Hi Lammps users and developers,

I am doing a simulation at the interface between 2 materials (that are parametrised based on OPLS-AA force field). My system has 100,000 atoms, and the 2 materials are in 2 separate phases at the start. Lammps version used is 22Aug2018

[...]

Stopping criterion is linesearch alpha is zero but the next to last and final energy are the same. The convergence is similar for GPU enabled lammps with mixed and double precision, but different without GPU. I have searched the user list and saw comments that said this could be because my system has bad initial geometry and not dynamically stable. I have visualised the minimisation for all of them, and saw no significantly unphysical behaviour (which at least shows that my force field settings work relatively fine). Can anyone suggest reasons, and what I should do to fix this?
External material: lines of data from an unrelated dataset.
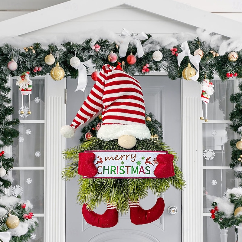 $23.99 - Christmas Gnome Wreath for Front Door Outdoor Door Winter Wreath Sign, Decorative Elf Hanging Ornament for Front Door, Festive Wall Decor for Holiday Season, Indoor Christmas Wreath 2025. Shop for cheap Wreaths, Garlands & Swags online? Buy at lightinthebox.com on sale today!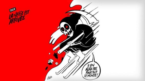 AMATRICE – «La neve è arrivata, ma non per tutti». Charlie Hebdo non si smentisce e dopo le vignette sul terremoto di Amatrice è tornata a ironizzare sulle tragedie italiane. L’ultima vignetta choc ha rappresentato la morte sugli sci che scende facendo saltare case e alberi, con riferimento chiaro alla tragedia di Rigopiano, proprio mentre tutti i soccorritori erano impegnati nella ricerca dei superstiti.
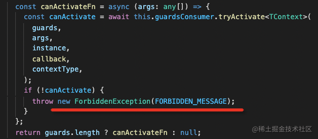 Guard 要实现 CanActivate 接口,实现 canActivate 方法,可以从 context 拿到请求的信息,然后做一些权限验证等处理之后返回 true 或者 false。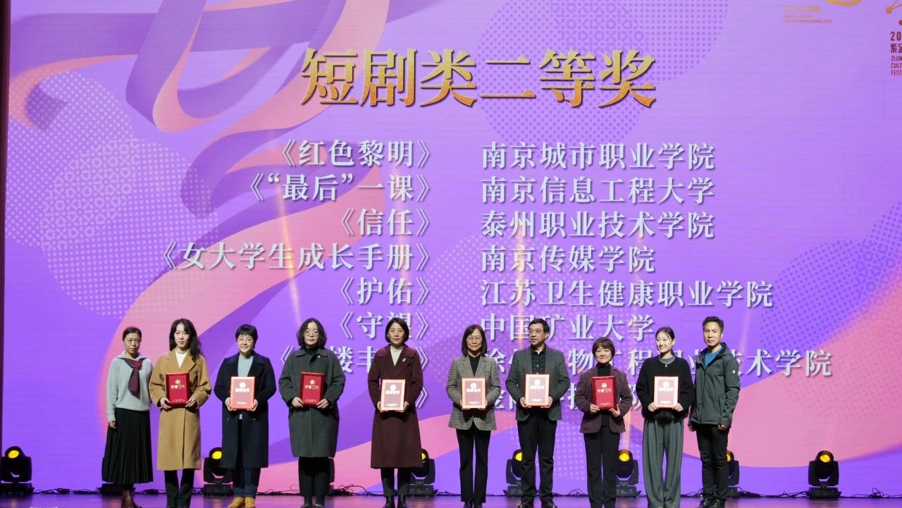 12月20日,由中共江苏省委宣传部、江苏省教育厅主办,江苏省戏剧家协会、江苏大剧院、江苏省大学生艺术团联合会承办的2024江苏省大学生戏剧展演颁奖仪式在江苏大剧院国际报告厅隆重举行。天行(中国)原创短剧《红色黎明》荣获大戏展短剧类二等奖。学校首次参赛,获此殊荣,是“美育+思政”协同育人的生动体现,校团委卫宇昕老师代表参赛剧目上台领奖。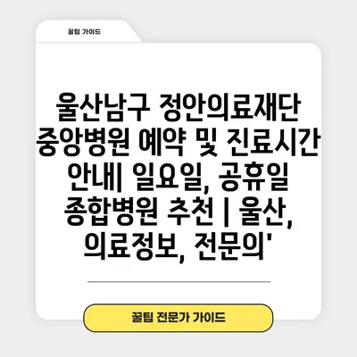 ✅ 울산남구 정안의료재단 중앙병원의 진료시간과 예약 방법을 알아보세요.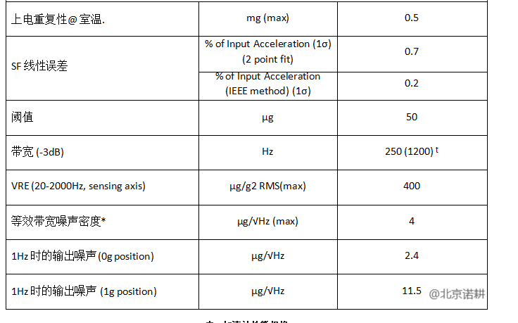 等效带宽噪声密度[µg/√Hz]-A准则,通过将传感器的输出RMS除以带宽的平方根来计算.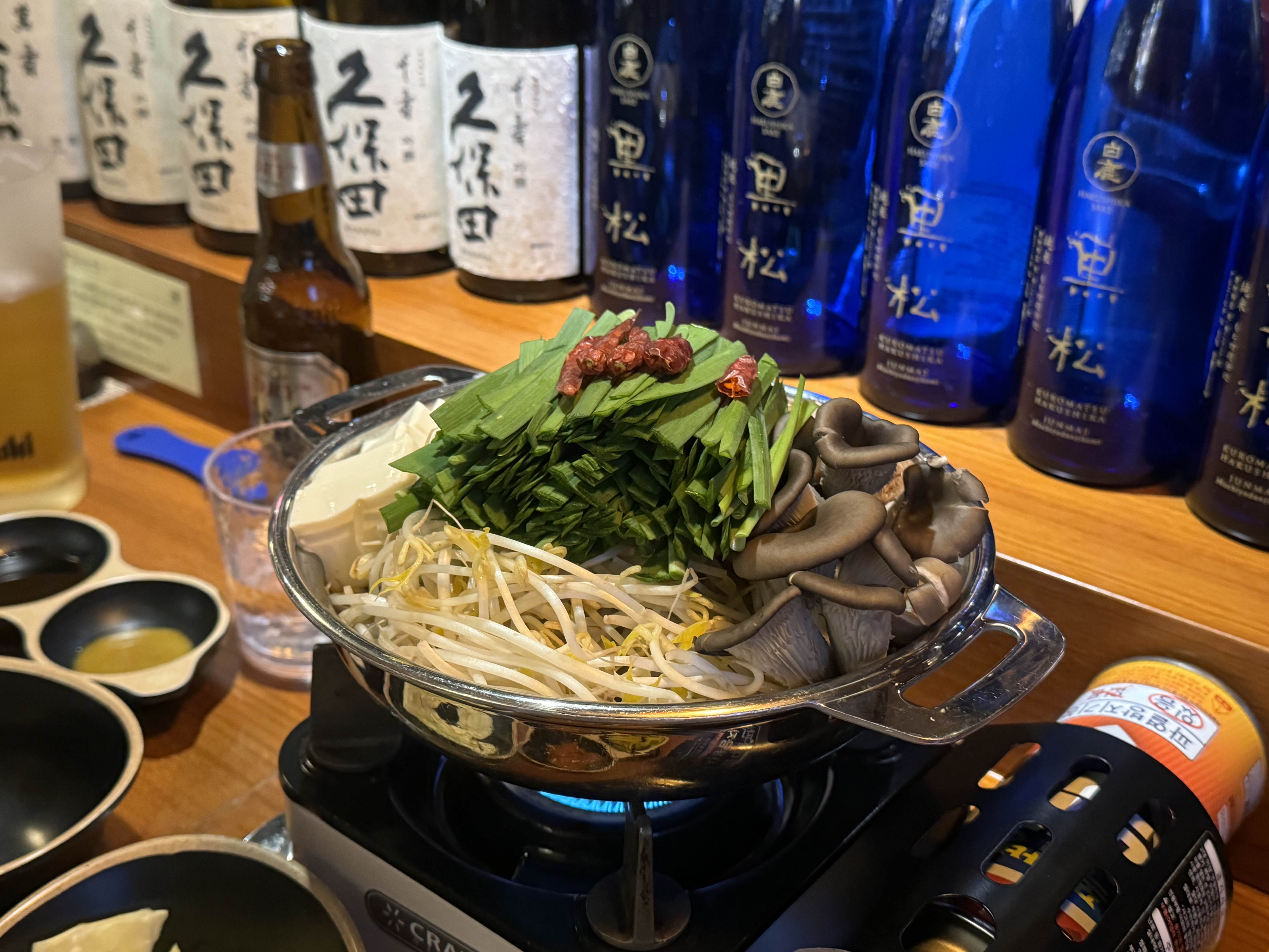 모츠나베 국물은 된장, 간장 맛 선택가능. 저희는 혼합 맛으로 선택했는데 두 가지 국물 베이스 맛을 다 경험할 수 있어서 개인적으로 혼합 추천입니다. 모츠나베 대창도 통통하고 각종 야채와 연두부 조합이 넘 좋아요, 뜨끈한 국물이 겨울철 술 안주로 모츠나베 너무 좋습니다.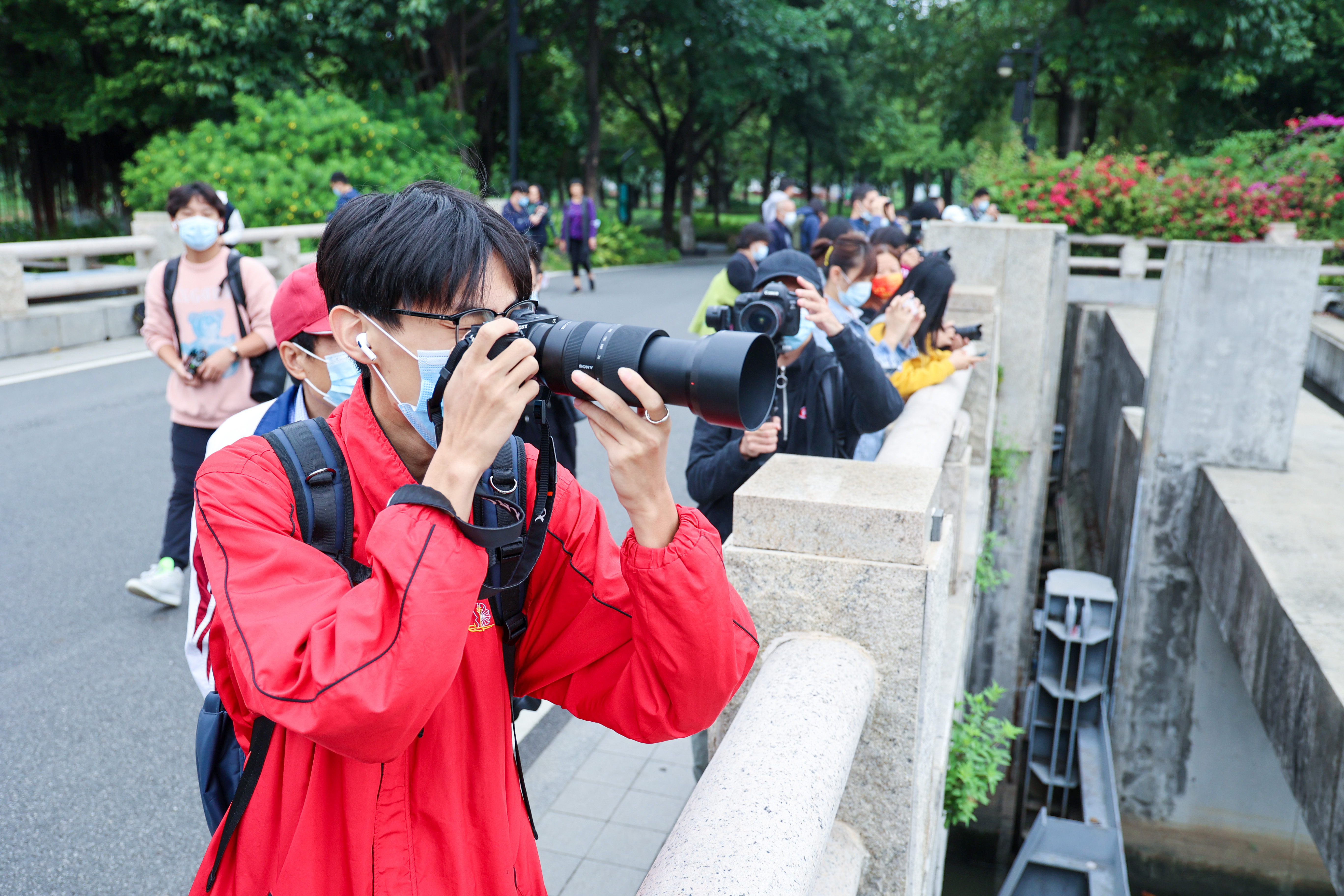 上午八点半,参与活动的摄影师们纷纷抵达海珠湖,他们都有着不同的身份、不同的年龄,却因为对摄影的热爱而共同相聚于此。秋高气爽的天气下,摄影师们纷纷将“长枪短炮”拿出来,期待着今天能拍出赏心悦目的秋日大片。在广州日报资深摄影记者苏俊杰的引领下,摄影师们各自踏上拍摄旅途,分别去寻找属于自己的最美机位。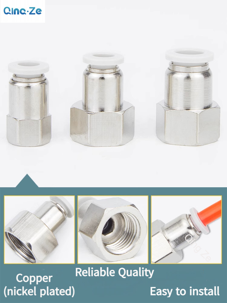 Pneumatic Components Quick Insert Air Pipe Joint Copper Joint Internal Thread Straight-through PCF4-01/6-02/8 10-04 BSP 1/8 1/4 3/8 1/2 Air Joint PCF Connector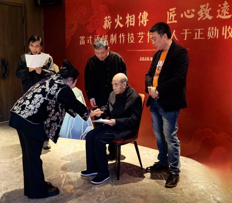 于正勋先生再传弟子雷式烫样非遗传承人邱志刚、张彤,东四胡同博物馆火虫手工团队见证此次拜师仪式,既弘扬了尊师重道的中华美德,更筑牢了非遗传承的活态根基。

what is there to fix? you have a system with 300,000 degrees of
freedom, so you are searching a minimum in 300,000-dimensional
potential hypersurface. there are extremely many local minima, and
because you start from a very high potential energy point, it is very
likely, that the tiniest difference can result in a completely
different minimization path leading to a different (local) minimum.

if you believe, there is a significant difference between the CPU and
GPU implementation of the pair styles, you have to provide better
proof with a smaller system.

axel.

Hi Axel,

Thanks for your reply. I will do a test for a smaller system to see if there’s any difference.